The Challenge of Scanned Medical Records

Medical records in personal injury cases rarely arrive as clean, searchable digital documents. In practice, bundles typically consist of a mixture of digitally produced letters and reports, scanned handwritten GP notes, photocopied hospital correspondence, faxed referral letters, and older records produced on typewriters or early word processors. Many of these documents have been scanned multiple times, resulting in degraded image quality, skewed pages, and inconsistent orientations.

AI analysis depends entirely on the quality of the text it reads. A model that receives accurate, complete text from a medical bundle will produce a thorough and reliable review. A model that receives partial or corrupted text — because the OCR stage failed to correctly interpret a page — will produce a review with gaps. OCR quality is not a peripheral technical concern; it is the foundation on which everything else rests.

Reawoken treats OCR as a first-class part of the processing pipeline. Rather than using a single OCR engine and hoping for the best, it employs a smart approach that applies industry-leading OCR technology selectively and at the appropriate quality threshold for each page of the bundle.

Smart PDF Analysis: OCR Only Where Needed

Not every page in a medical bundle requires OCR. Many pages — particularly modern clinic letters, GP summary reports, and electronically generated discharge summaries — already contain searchable text embedded in the PDF. Running full OCR on these pages would add processing time without improving accuracy; in some cases, it would actually introduce errors by substituting machine-read text for the higher-quality embedded version.

Reawoken analyses each page of an uploaded PDF before deciding whether to apply OCR. Pages that already contain more than 500 characters of embedded text are passed directly to the AI analysis stage using their existing text content. Only pages with insufficient embedded text — scanned images, blank pages with stamps, handwritten notes — are sent through the OCR pipeline.

This selective approach significantly reduces processing time for large bundles, while ensuring that OCR resources are directed precisely where they are needed. A 400-page bundle where 250 pages are digitally produced letters processes substantially faster than one where every page is sent through OCR, without any reduction in the quality of the output.

Dual OCR Engines for Maximum Accuracy

Reawoken integrates two enterprise-grade OCR engines: AWS Textract and Azure Document Intelligence. Both are specifically designed for document processing at scale and have been trained on a wide variety of document types, including handwritten text, tabular data, and mixed-format layouts.

AWS Textract

Amazon's document analysis service excels at structured document types, form fields, and tabular layouts. It is particularly effective with GP summaries, structured hospital letters, and documents with clear formatting.

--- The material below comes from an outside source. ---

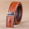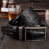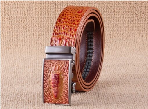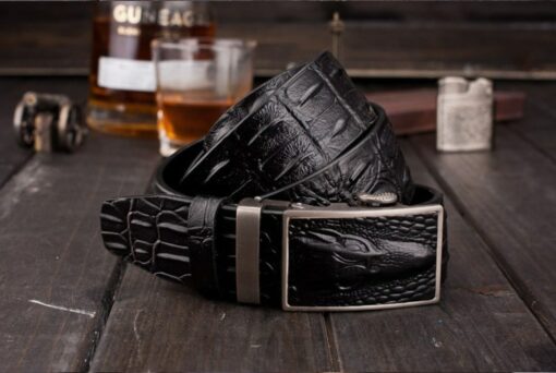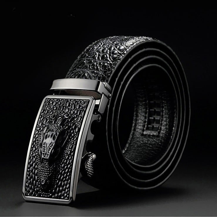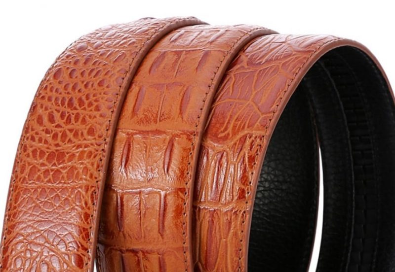 – Thiết kế vân nổi cá sấu trên mặt da, đầu nịt bằng hợp kim không rỉ màu trắng sang trọng.

High accuracy on structured documents
Strong table and form detection
Scalable processing for large bundles

Azure Document Intelligence

Microsoft's document processing service provides strong performance on unstructured and handwritten content, including older clinical records and mixed-format pages with stamps, annotations, and degraded quality.

Robust handwriting recognition
Handles degraded scan quality
Effective on unstructured clinical notes

Having dual OCR engine support means Reawoken can be configured to use the most appropriate engine for the types of records a particular firm typically receives, and provides resilience in the event that one service experiences downtime or degraded performance.

Handling Difficult Medical Documents

Medical records present a uniquely challenging set of document types. GP handwritten notes — particularly those dating from before the widespread adoption of electronic clinical systems — are often written quickly, with abbreviations, non-standard terminology, and layouts that vary significantly between practices and individual clinicians.

Reawoken's OCR pipeline handles this variability by processing each page as an independent document image rather than assuming a consistent layout across the bundle. Pages with stamps, handwritten annotations in margins, mixed typewritten and handwritten content, and photocopied documents with grey backgrounds are all processed without requiring any pre-processing or manual intervention.

After OCR, the extracted text is passed through a post-processing stage that corrects common OCR artefacts, normalises spacing and line breaks, and prepares the text for ingestion by the AI analysis pipeline. This ensures that the AI receives clean input even when the underlying document quality was poor.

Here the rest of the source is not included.